**Core Concept**
The antagonism of leukotrienes' bronchoconstrictor effect by terbutaline in a patient with asthma involves a complex interplay between different receptor systems. Specifically, terbutaline acts on beta-2 adrenergic receptors, while leukotrienes exert their effects through cysteinyl leukotriene receptors.

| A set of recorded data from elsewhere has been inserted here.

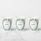 A white background. Decorated with an eucalyptus greenery wreath. Personalize and add a date and name.
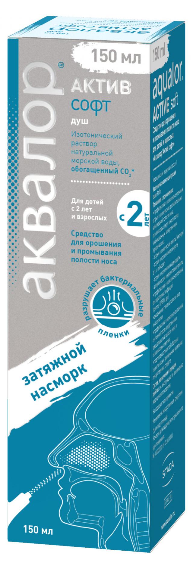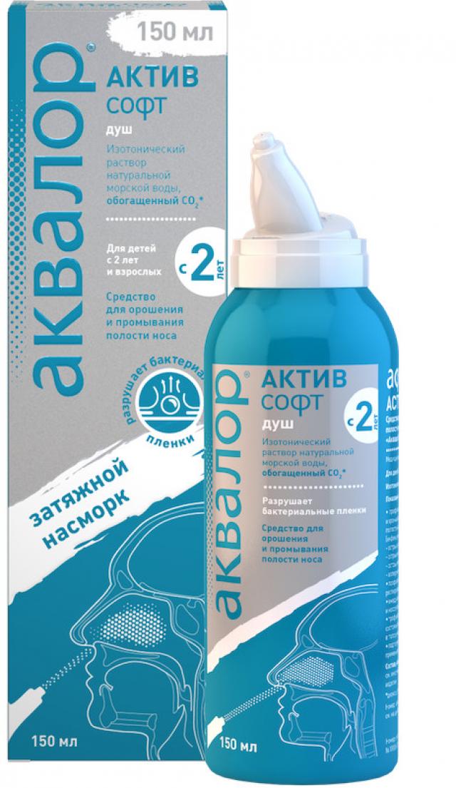 Аквалор Актив Софт — изотонический раствор морской воды, предназначенный для тщательного промывания полости носа, профилактики и лечения острого и хронического насморка у взрослых и детей с 2 лет. Средство обладает увлажняющим, иммуностимулирующим действием, которое обусловлено свойствами натуральной морской воды. Ее забор производится в экологически чистых районах Атлантического океана в территориальных водах Франции и Швеции. Специальная очистка и фильтрация позволяет сохранить в морской воде полезные микроэлементы и минералы.
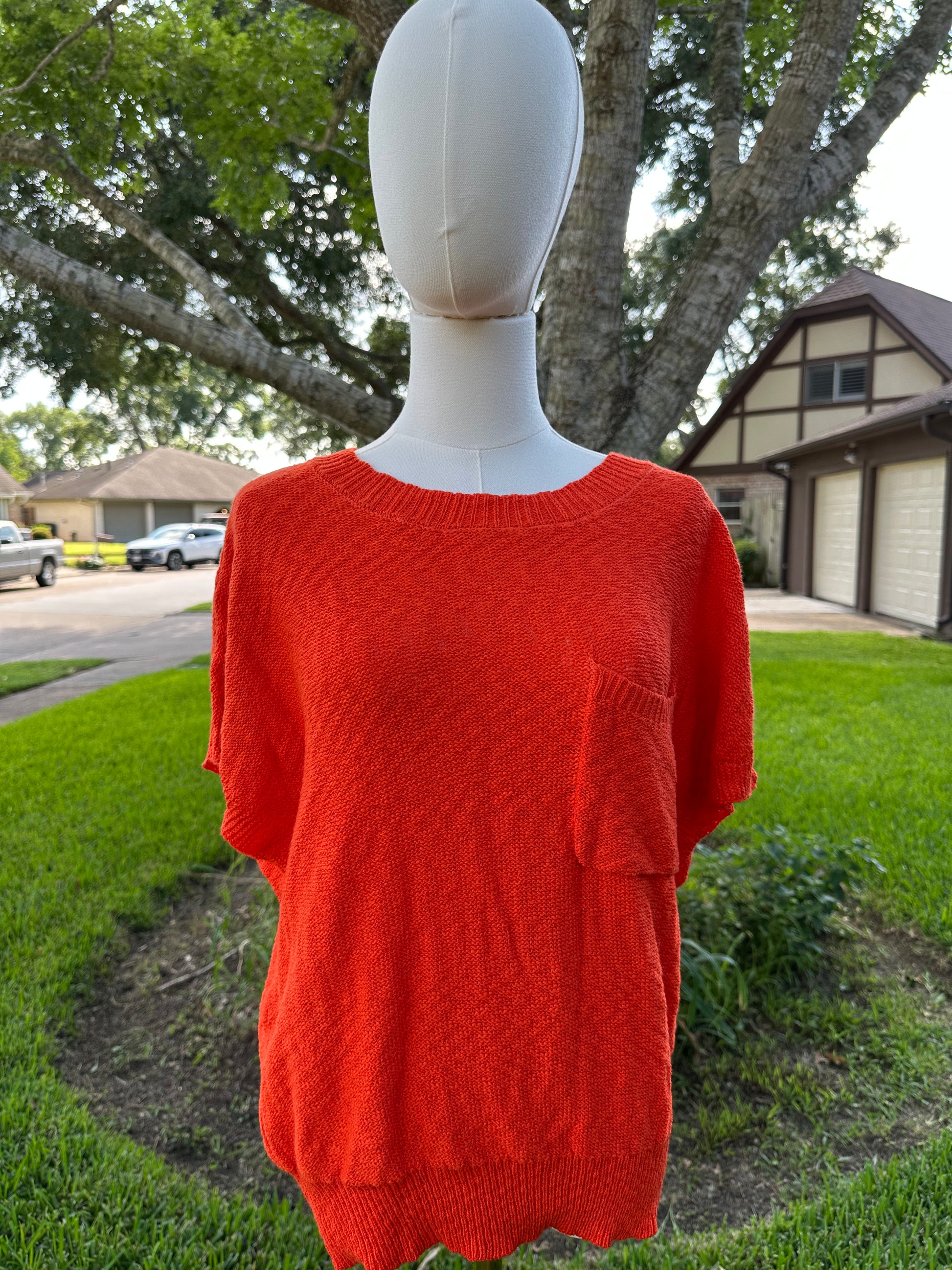Short sleeve lightweight sweater in tomato. Model is wearing a small.
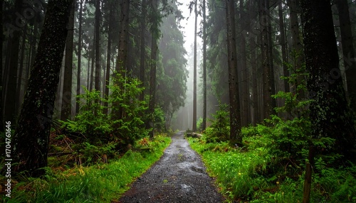 © athena, Obraz premium Misty Forest Path with Tall Trees and Lush Greenery.
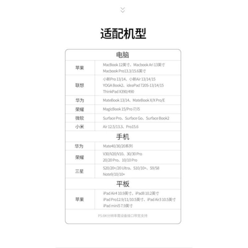 MÔ TẢ SẢN PHẨM Cổng loại C 11 trong 1: Tương thích HDMI + USB3.0 * 1 + USB2.0 * 3 + PD 87W + TF + SD + 100M RJ45 + AUX +
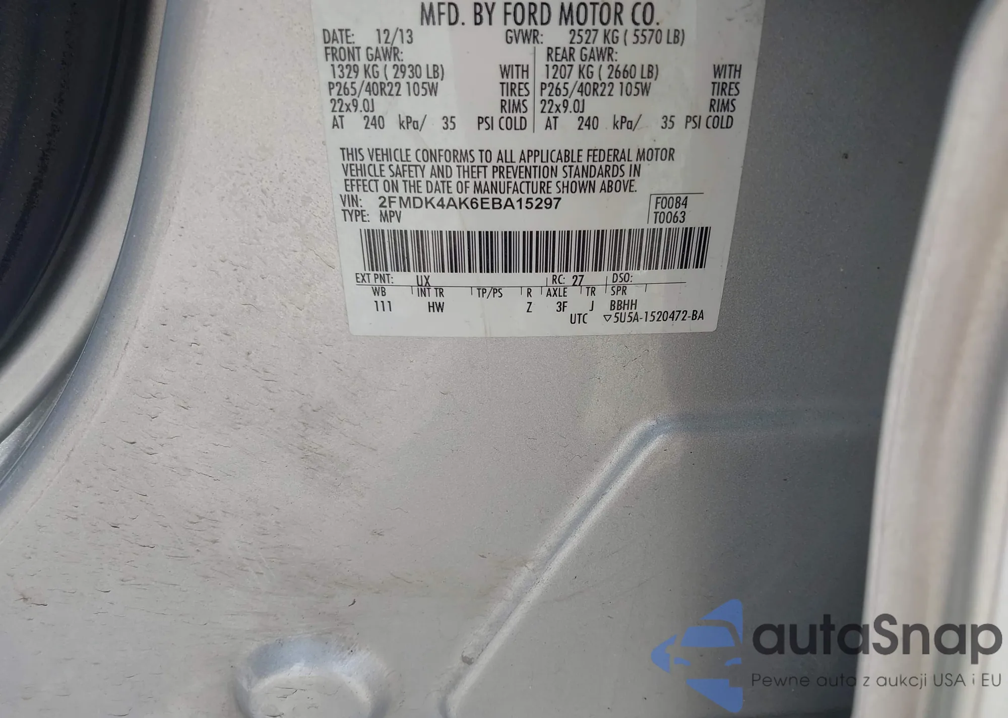 LOT: 42371536 VIN: 2FMDK4AK6EBA15297
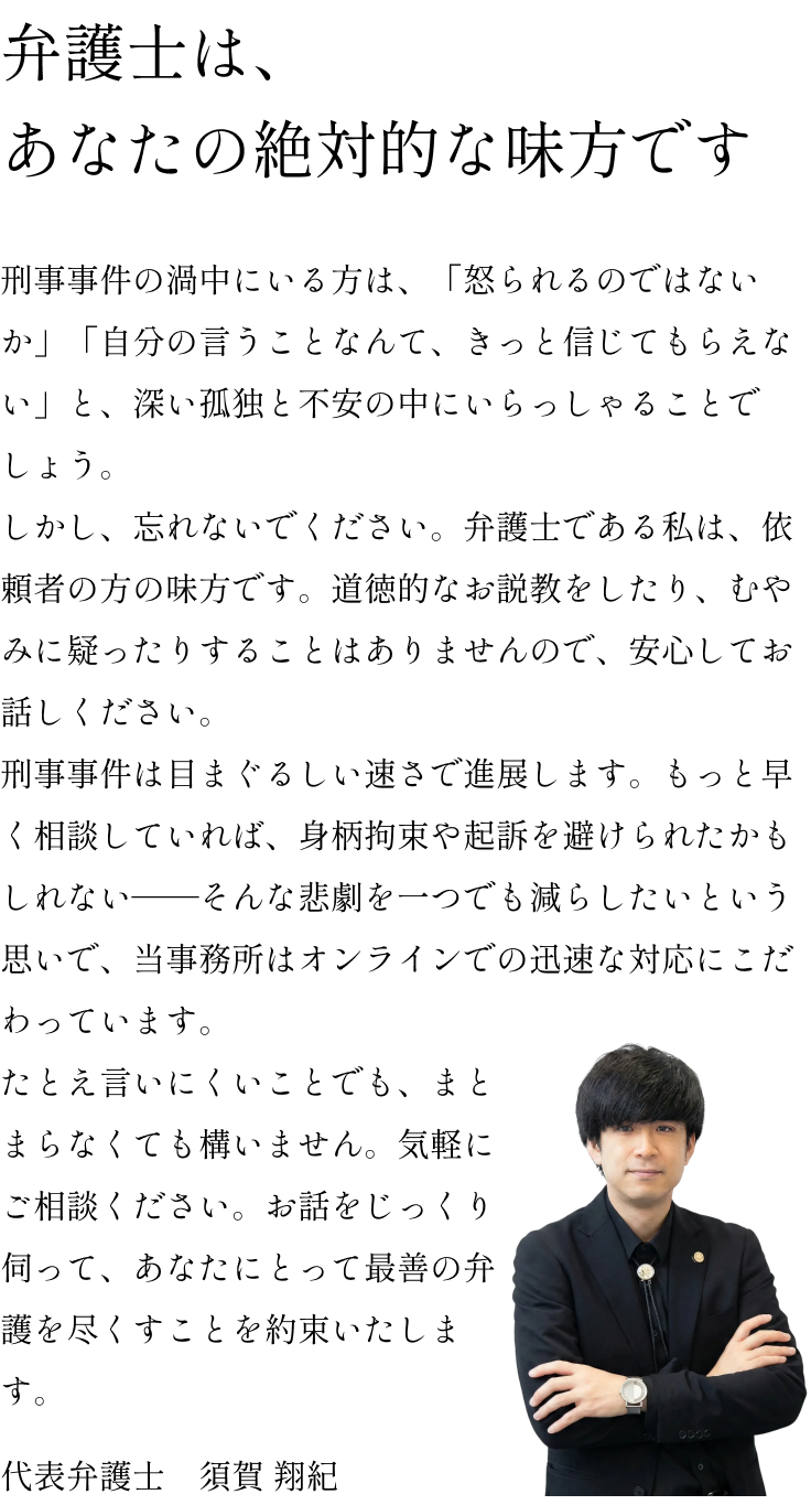 | 代表弁護士 | : | 須賀 翔紀(東京弁護士会 登録番号61954) |

**Why the Correct Answer is Right**
Terbutaline, a beta-2 adrenergic agonist, induces bronchodilation by stimulating beta-2 adrenergic receptors on bronchial smooth muscle cells. This leads to an increase in cAMP, which in turn relaxes the muscle cells and causes bronchodilation. Leukotrienes, on the other hand, exert their bronchoconstrictor effect by binding to cysteinyl leukotriene receptors on bronchial smooth muscle cells, leading to an increase in intracellular calcium and muscle contraction. The antagonism of leukotriene-induced bronchoconstriction by terbutaline can be explained by the concept of receptor-receptor interactions, where the activation of beta-2 adrenergic receptors by terbutaline can inhibit the action of leukotrienes on cysteinyl leukotriene receptors.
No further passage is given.